• EXERCISE OBJECTIVE:
Skip every picture while you write out the records below, from the first line through the one that contains "- Великолепный дизайн, дополненный", both ends kept.

Dataset records:
************

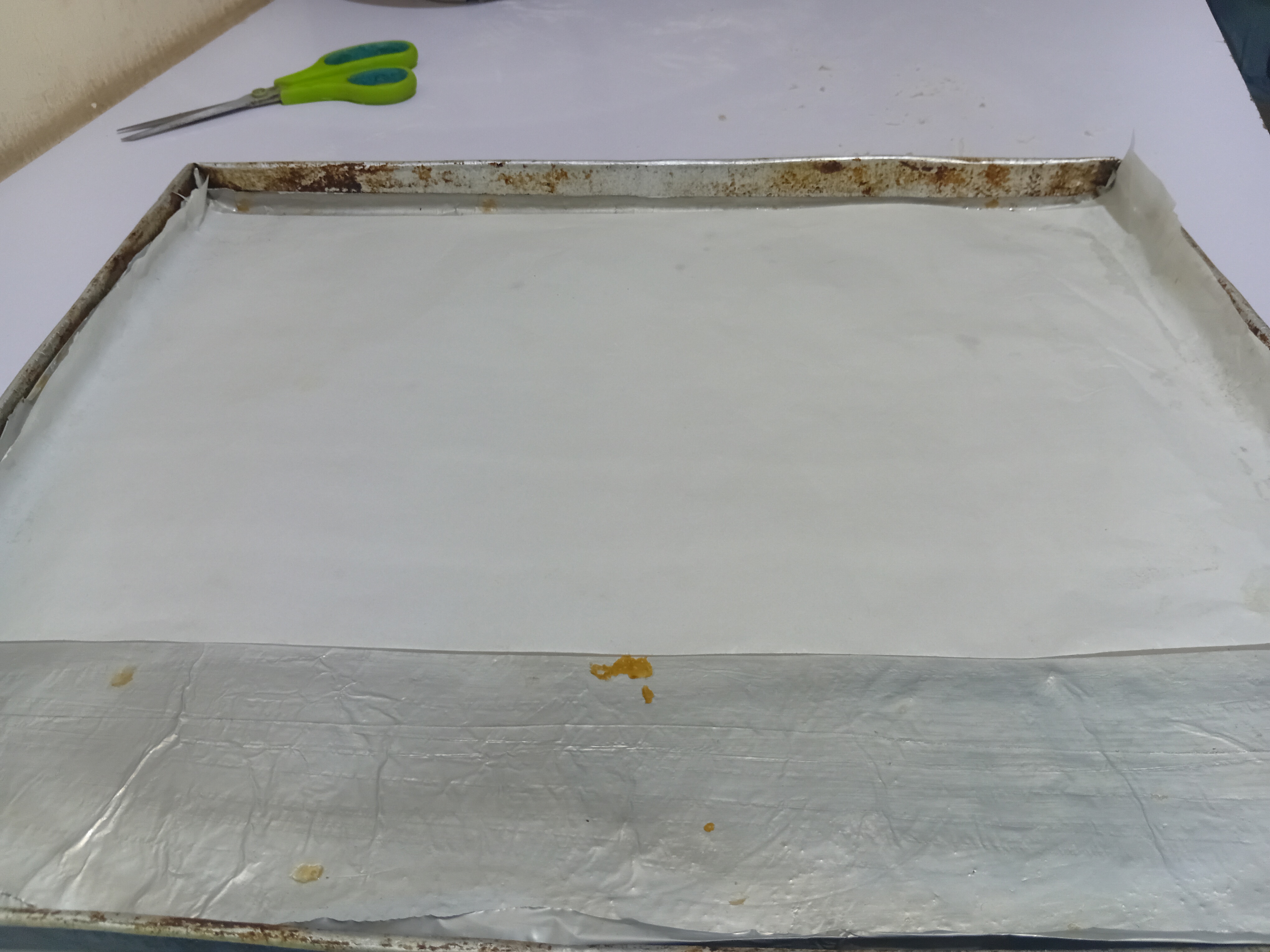 I placed a wax paper on my tray, spread the dough on the table and press out the air on the dough.
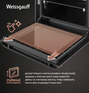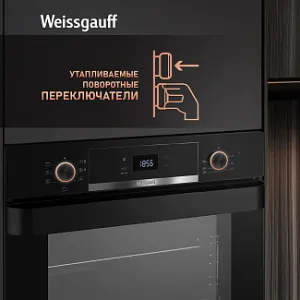 - Великолепный дизайн, дополненный вставкой из стекла под дисплеем, станет финальным штрихом в совершенстве облика этой модели. Каждый раз, взаимодействуя с духовым шкафом от Weissgauff, вы будете в полной мере ощущать, как он способен нагревать не только еду, но и согревать душу, став настоящим сердцем вашего уютного домашнего очага
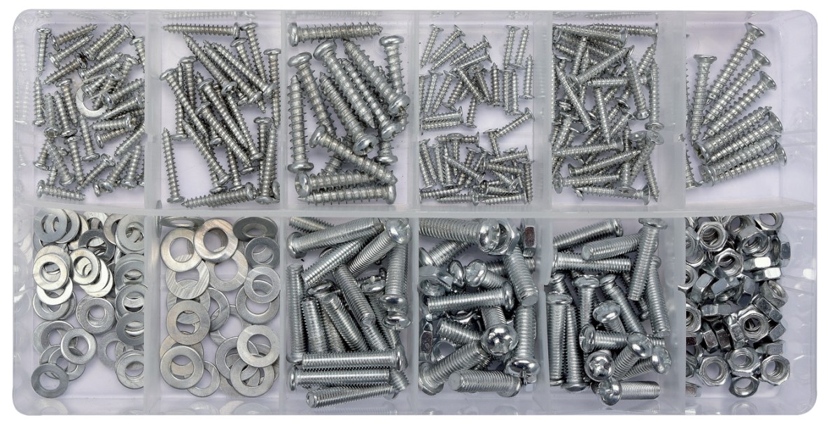 - 347ピースのネジ、ボルト、ワッシャー、ナットが含まれており、ほとんどの使用ニーズに応えます。
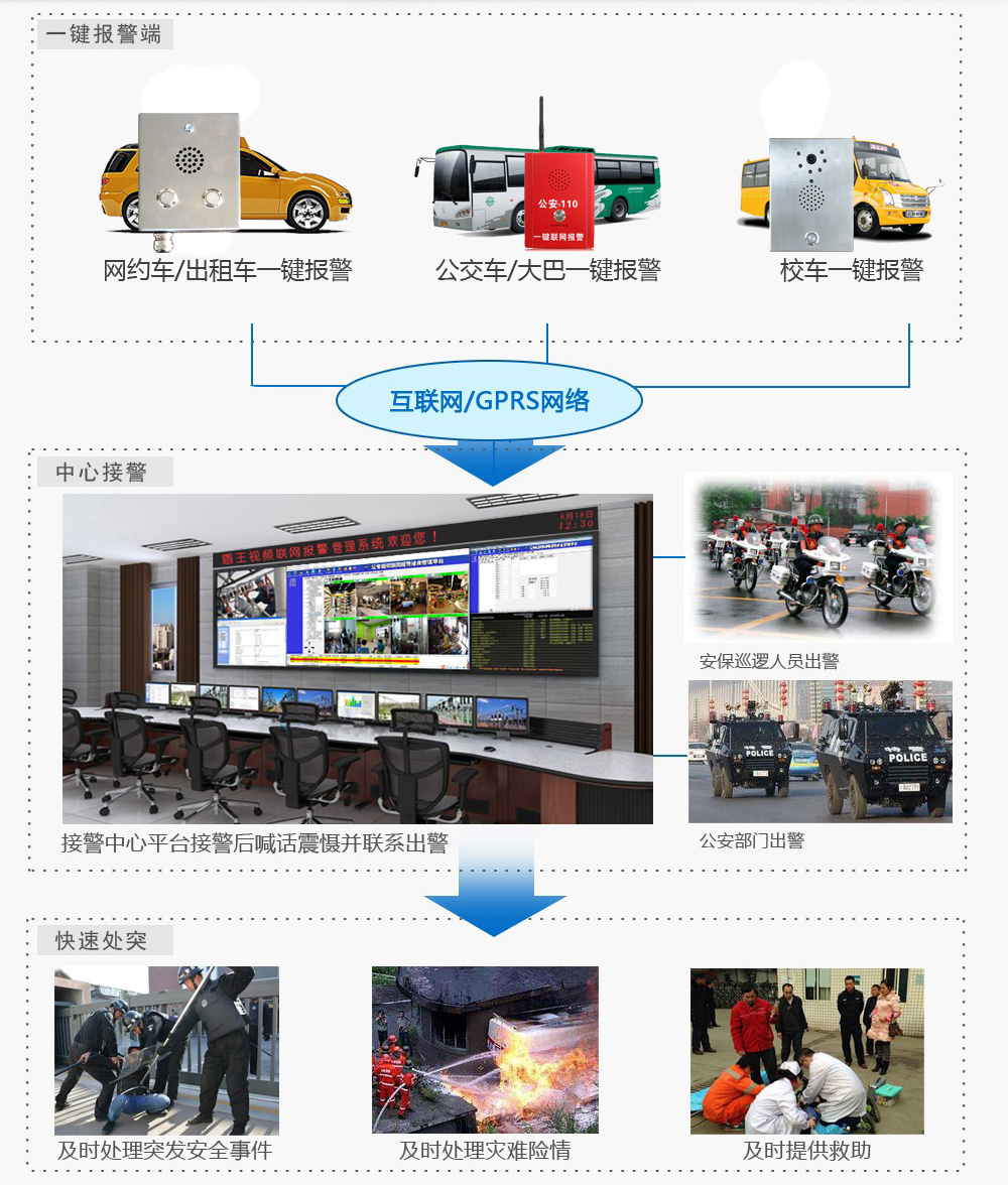 一、一鍵報警聯動,盾網車載一鍵報警系統的一鍵報警主機與聯網報警平臺聯動,只需按下一鍵報警按鈕聯網報警接警平臺就會立即彈出報警位置和車輛相關信息為快速出警提供有力保障;
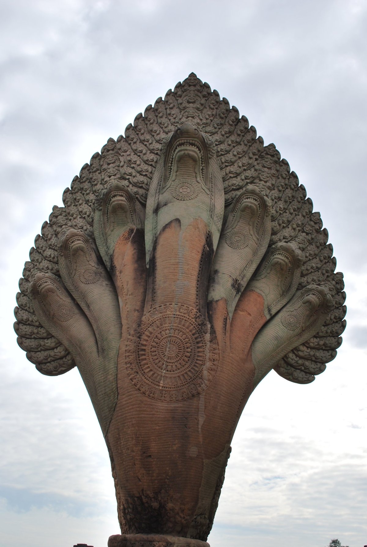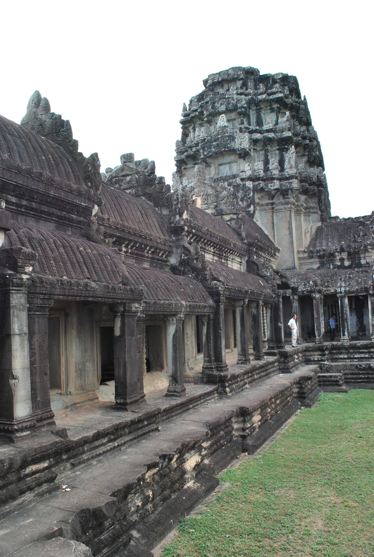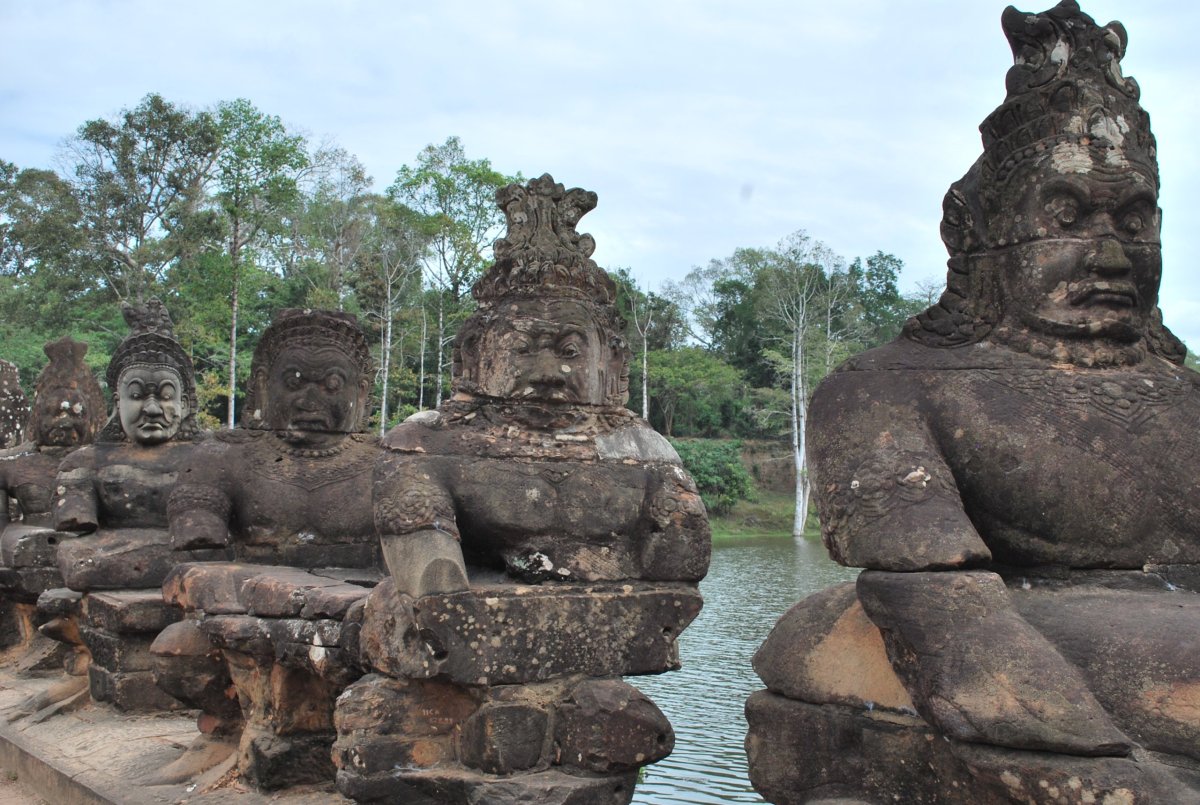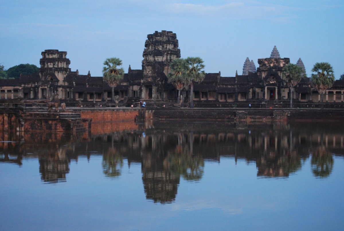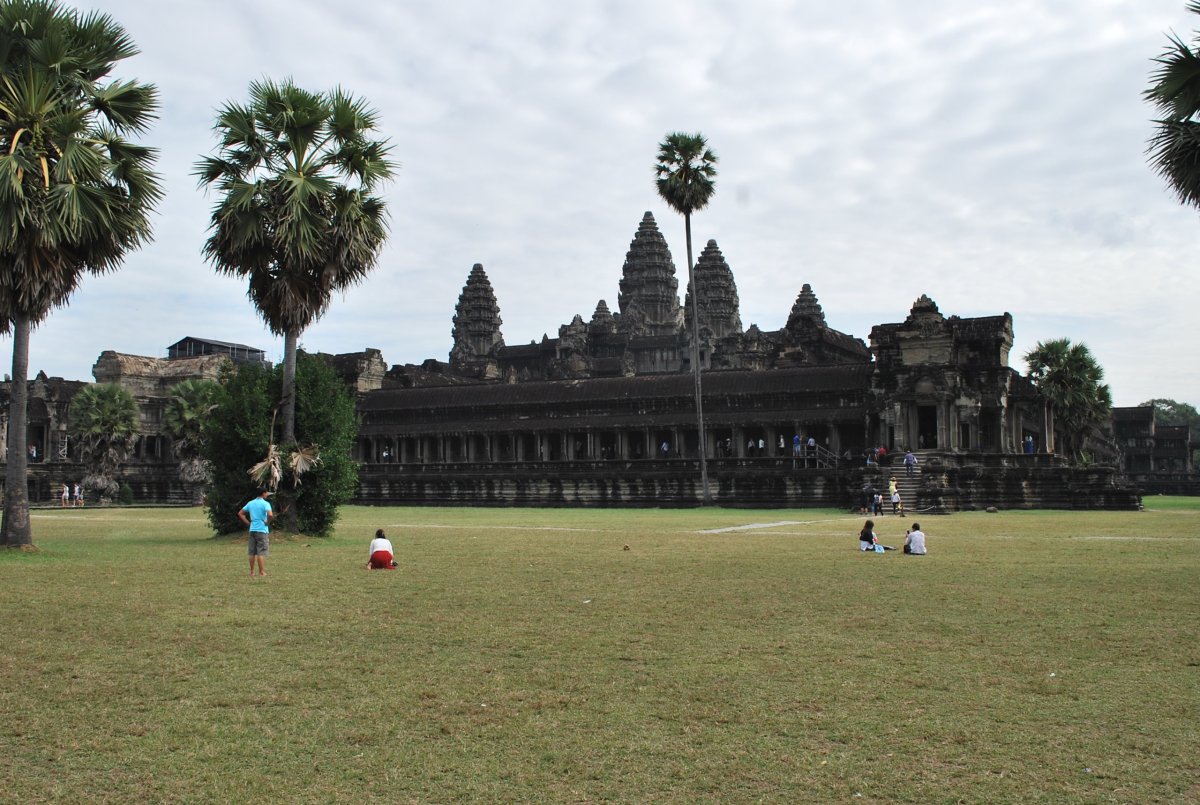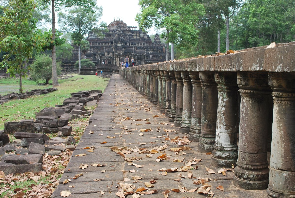 Dnes máme v plánu hlavní malý okruh po chrámech Angkoru. Na devátou hodinu máme domluveného hotelového tuk tuka. Jdeme tedy na snídani, která je vynikající. Po deváté hodině vyrážíme k Angkor watu. I takhle brzo je tu už docela hodně turistů, hlavně Číňané. Procházíme si nejznámější z kambodžských chrámů. Je tu strašné vedro, skoro žádný stín od stromů, a spousta turistů. Na nejvyšší úroveň chrámu vede úzké schodiště a stojí se tam fronta, která se vůbec nehýbe a vypadá to tak na půl dne. Takže jsme tam ani nešli. Procházíme si tedy okolní místa, chrámový komplex je samé NEJ. Je největší, nejzachovalejší, nejuctívanější a nejnavštěvovanější. Jeho siluetu uvidíte i na kambodžské vlajce, neboť je symbolem nejslavnější éry khmerské historie. Celý chrámový komplex je obehnán zdí a vodním příkopem. Rozměr takto ohraničeného pozemku je 1300 x 1500 m a vodní příkopy mají skutečně úctyhodnou šířku 190 m. Po asi 1,5 hodině vycházíme ven, kde na nás na parkovišti má čekat náš tuk tukář. Ale není zde, chvíli ho hledáme, ale nikde není. Tak jsme zavolali do hotelu a za chvíli už přijížděl, zřejmě někde spal. Dál jedeme do města Angkor Thom, které jsme předevčírem projížděli za soumraku na kole. Řidič nás dovezl ke vstupu do chrámu Bayon, který stojí v geometrickém středu města Angkor Thom. Po prohlídce Bayonu jsme pokračovali ke královskému paláci a k terasám malomocného krále. No a pak už jsme jeli do hotelu. Dali jsme si sprchu, odpočinek, šli na trh koupit ovoce, jídlo, vodu a pivo. Zítra v 10:30 odjíždíme do města Battambang.
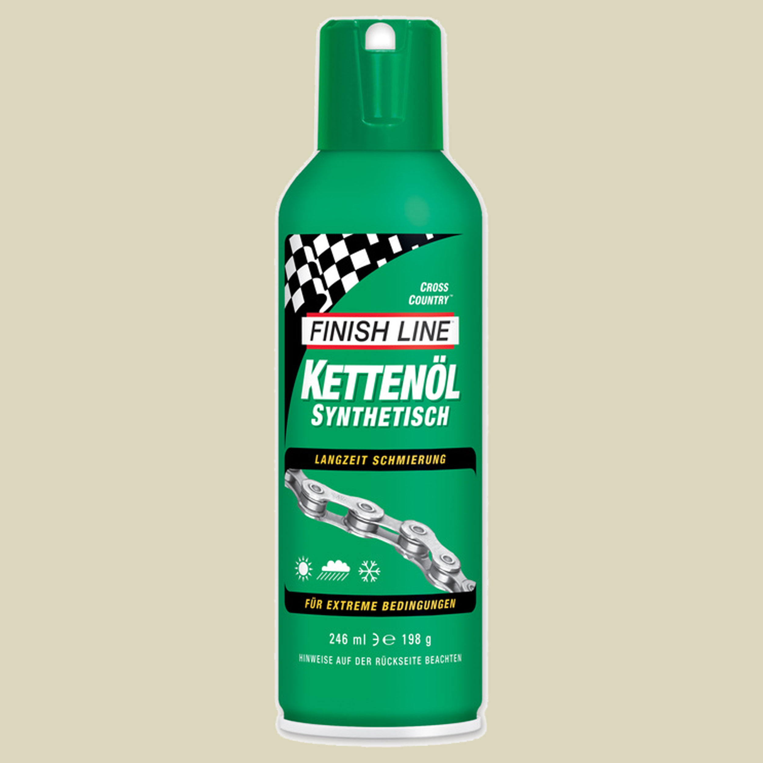 Das Cross Country Kettenöl ist der Bestseller von Finish Line. Cross Country ist ein synthetisches Öl das für höchste Druckbelastung, lange Pflegeintervalle und Nasswetterfahrten entwickelt wurde. Druckresistente Zusatzstoffe im Cross Country Kettenöl garantieren eine hohe Viskosität, sichern die ideale Schmierung der Kettenglieder und verhindern so, dass die Kette durchrutscht, schnell verschleißt und das Schalten unpräzise wird. Durch spezielle Polymere ist das Kettenöl von Finish Line wasserresistent und schützt die Metalloberfläche. Das Cross Country Kettenöl von Finish Line ist ideal für lange Fahrten bei hoher Kettenbelastung und extrem nassen Verhältnissen. (verschiedene Größen in Flaschen / Dosen , z.T. ohne Abbildung)

************

• TASK OUTPUT:
 I placed a wax paper on my tray, spread the dough on the table and press out the air on the dough.
 - Великолепный дизайн, дополненный вставкой из стекла под дисплеем, станет финальным штрихом в совершенстве облика этой модели. Каждый раз, взаимодействуя с духовым шкафом от Weissgauff, вы будете в полной мере ощущать, как он способен нагревать не только еду, но и согревать душу, став настоящим сердцем вашего уютного домашнего очага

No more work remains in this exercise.